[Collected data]
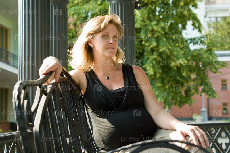 Светловолосая женщина на скамейке в парке
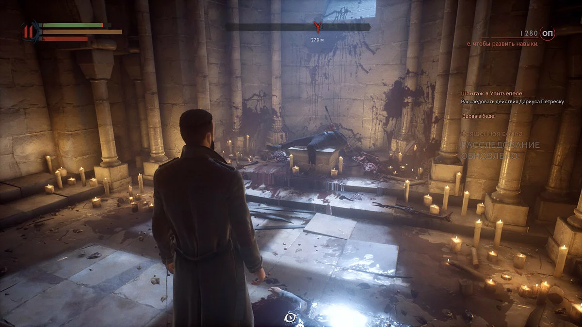 Система прогрессии у разработчиков получилась довольно неплохой. Нам предлагают большой набор вампирских способностей, каждая из которых имеет свои определенные особенности. Прокачать все и сразу не получится, поскольку для развития каждого навыка требуется кровь, которая в Vampyr служит также очками опыта. Кровь можно добывать двумя способами: убивать мирных граждан, либо же спокойно выполнять сюжетные задания. В первом случае герою можно прокачать практически все ветки способностей, но повествование при этом уйдет в мрачную сторону и отразится на концовке. При более лояльном прохождении игра будет заметно сложнее, так как персонаж не получит самые мощные навыки. Очень порадовало, что разработчики добавили в игру возможность отменить все развитые ранее способности и распределить очки опыта повторно. Таким образом, мы можем экспериментировать со стилем прохождения.
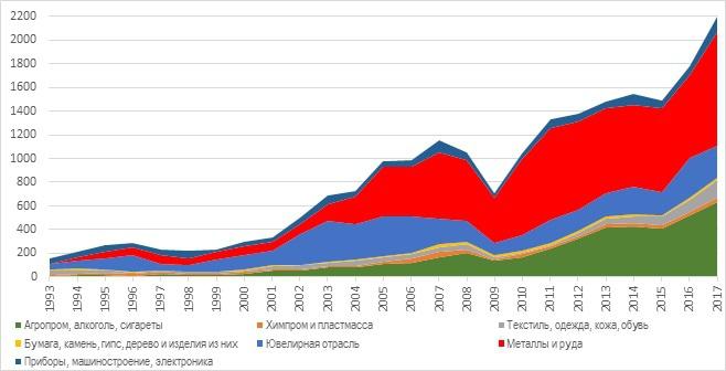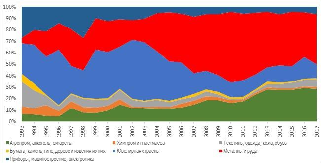 В общем-то, здесь все понятно и дополнительных разъяснений не требует. За исключением сырьевого сектора. Из приведенного графика видно, что экспорт из Армении в значительной степени сырьевой. Для сравнения, в экспорте России сырьевой сектор занимает порядка 80%, а в экспорте Армении – в среднем за 10 лет – 50%. Максимальной доли металлы и металлическая руда достигли в 2010 году – 61.4%. В 2016 году она снизилась до 39%, а в 2017 г. – превысила 43%. Таким образом, в значительной степени рост экспорта в 2017 г. был обеспечен за счет экспорта продукции горнорудной промышленности, также, как и в предыдущие годы. В 1993 г. эта отрасль начинала всего с 5% экспорта.
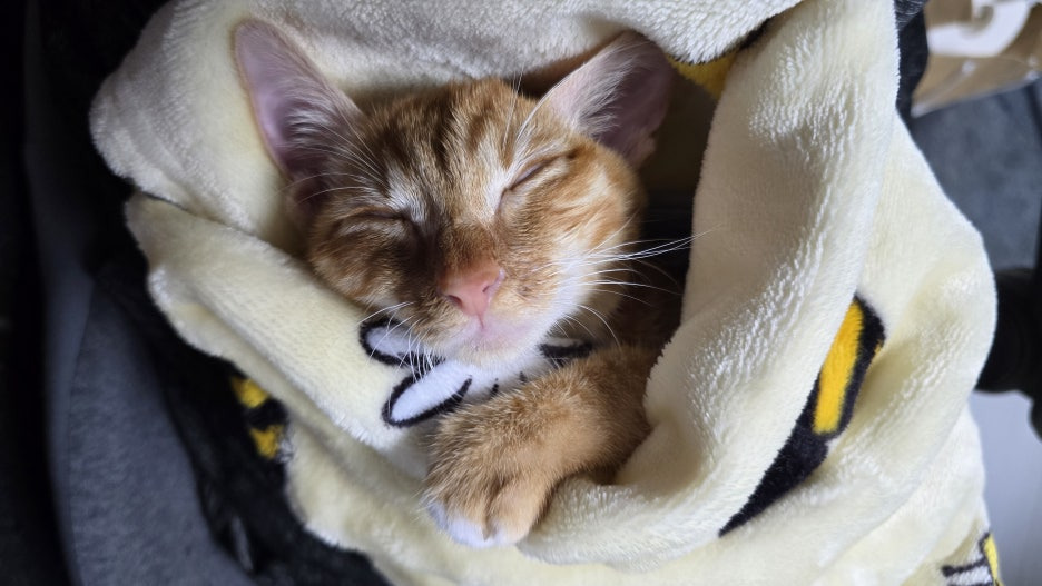 씻고 말리고 나서 떨고 있길래 이불로 감싸줬더니 그대로 잠들어 버리는..
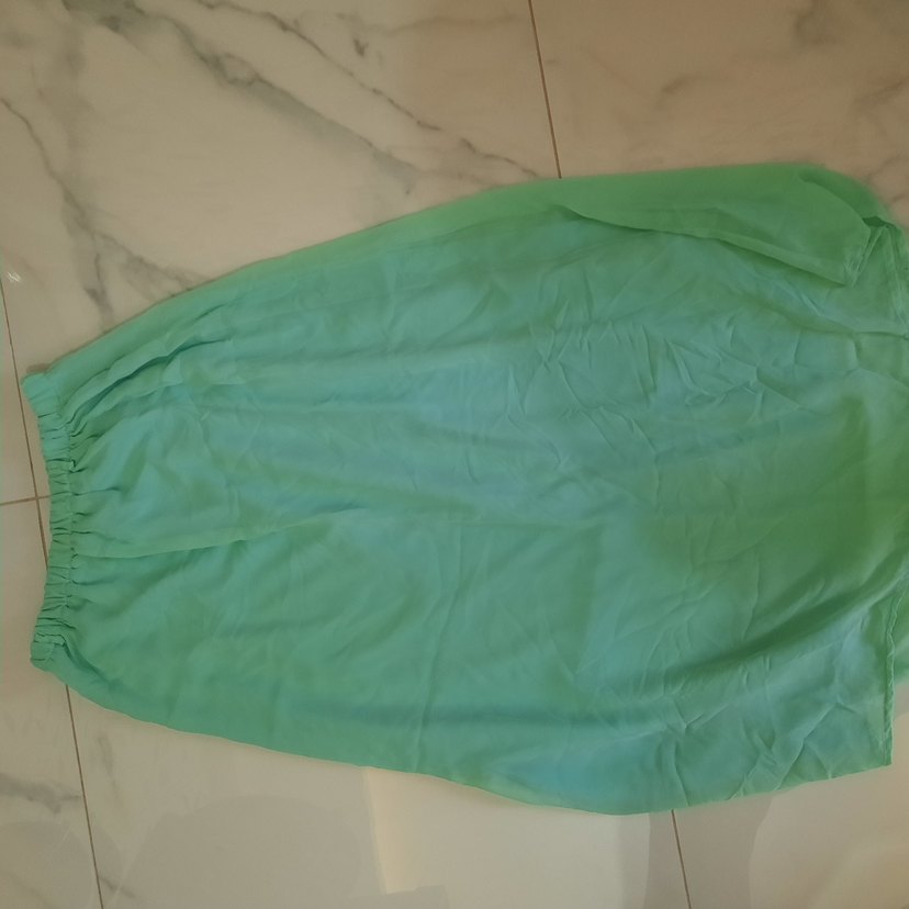 Pastel yeşil renkte, desensiz sade bir görünüme sahiptir. ️şifon etektir.
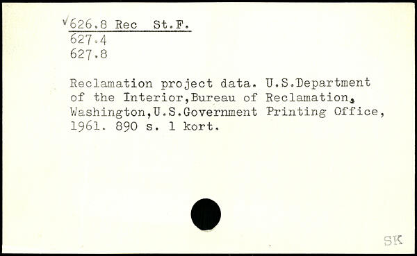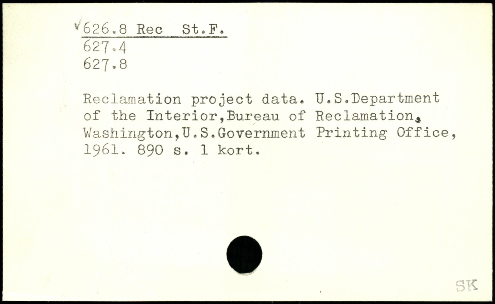 Reclamation project data. U.S.Department of the Interior,Bureau of Reclamation. Washington,U.S.Government Printing Office, 1961.
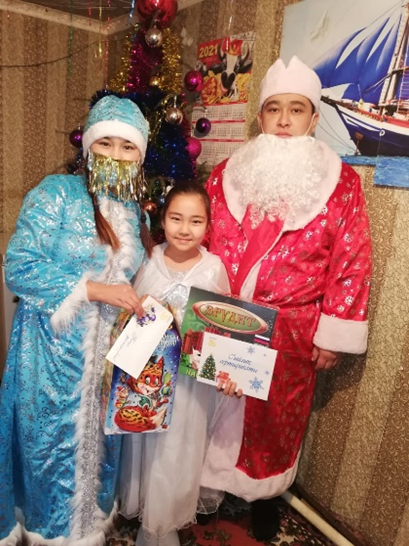 Двое детей по разнарядке на президентскую елку и трое детей на елку акима района. Также 25 подарков для детей из многодетных и малообеспеченных семей от акимата Байконурского района. 4 подарка от председателя ПОП совета.
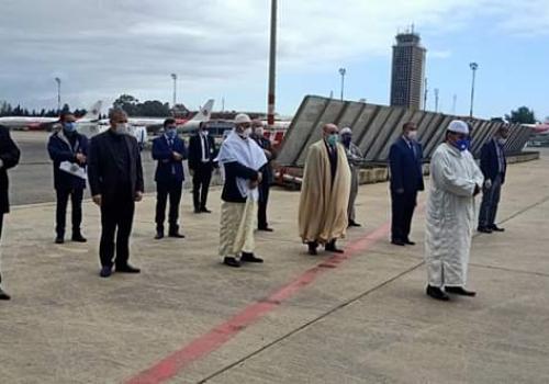 استقبال السيد وزير الشؤون الدينية والأوقاف الدكتور يوسف بلمهدي بمطار هواري بومدين لجثمان فقيد الشؤون الدينية والأوقاف بأرض المهجر الشيخ "أحمد العمري"
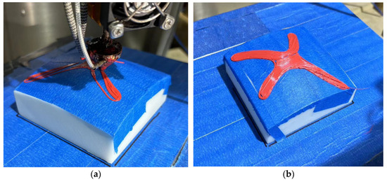 Physical printing of the vector field-driven continuous path on the curved surface: (a) printing process and (b) final printed curved surface.
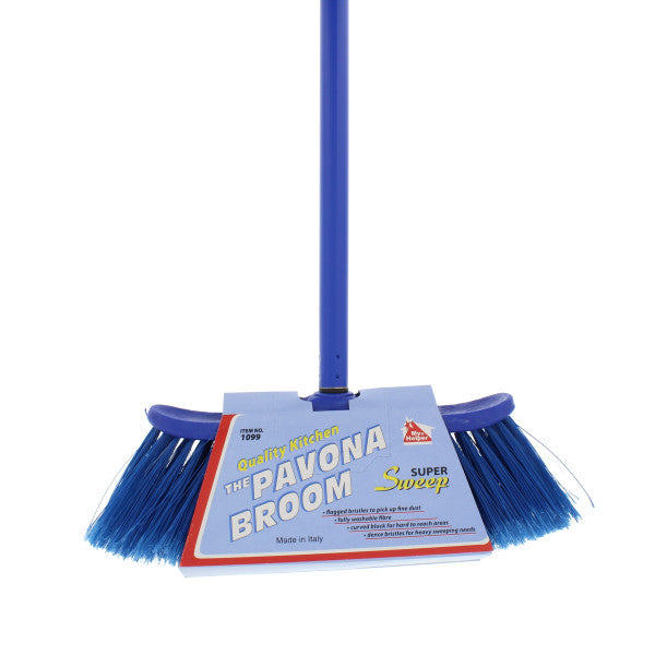 Escoba de 14'''' con mango de metal revestido de vinilo color azul
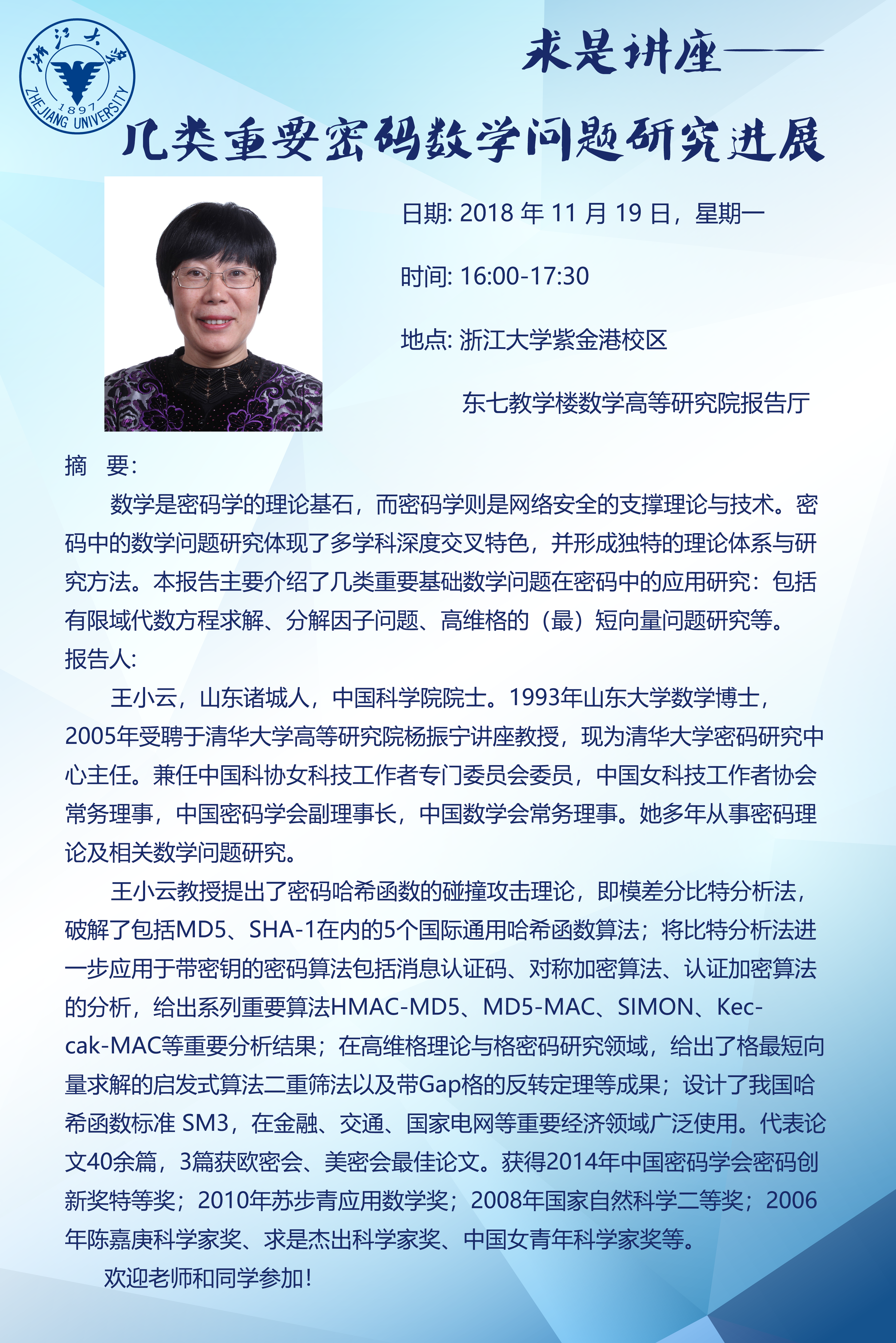 学术科研 学术团队 学术活动 学术会议 学术报告 讨论班 School Colloquium 信息公告 文件汇编 2018 华体会(中国) > 求是讲座――几类重要密码数学问题研究进展 来源:数学科学学院 发布时间:2018-11-16 716

■ What is being asked: Print from the line containing "씻고 말리고 나서 떨고 있길래 이불로 감싸줬더니 그대로 잠들어 버리는.." through the line containing "Reclamation project data." in the data above, exactly as the lines stand, and omit every picture.

■ Your solution:
 씻고 말리고 나서 떨고 있길래 이불로 감싸줬더니 그대로 잠들어 버리는..
 Pastel yeşil renkte, desensiz sade bir görünüme sahiptir. ️şifon etektir.
 Reclamation project data. U.S.Department of the Interior,Bureau of Reclamation. Washington,U.S.Government Printing Office, 1961.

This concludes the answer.